* _What is needed_:
In the listing that follows, the range to quote begins at the line that has "收割機、拖拉機、鐮刀……日前" and ends after the line that has "Bringen Sie die"; quote it verbatim and add nothing.

* _Recorded data_:
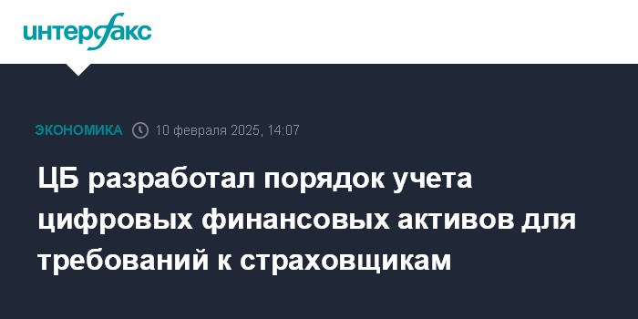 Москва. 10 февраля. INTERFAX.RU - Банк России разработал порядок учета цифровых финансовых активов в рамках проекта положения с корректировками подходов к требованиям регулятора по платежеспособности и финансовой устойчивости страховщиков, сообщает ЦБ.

==

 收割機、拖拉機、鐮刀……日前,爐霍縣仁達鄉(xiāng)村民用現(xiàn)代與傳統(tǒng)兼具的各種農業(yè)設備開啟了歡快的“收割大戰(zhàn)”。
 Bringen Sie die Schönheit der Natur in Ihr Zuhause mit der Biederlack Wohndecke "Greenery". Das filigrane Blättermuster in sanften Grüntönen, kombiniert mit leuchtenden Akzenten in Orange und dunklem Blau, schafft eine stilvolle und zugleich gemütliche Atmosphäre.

* _Task result_:
 收割機、拖拉機、鐮刀……日前,爐霍縣仁達鄉(xiāng)村民用現(xiàn)代與傳統(tǒng)兼具的各種農業(yè)設備開啟了歡快的“收割大戰(zhàn)”。
 Bringen Sie die Schönheit der Natur in Ihr Zuhause mit der Biederlack Wohndecke "Greenery". Das filigrane Blättermuster in sanften Grüntönen, kombiniert mit leuchtenden Akzenten in Orange und dunklem Blau, schafft eine stilvolle und zugleich gemütliche Atmosphäre.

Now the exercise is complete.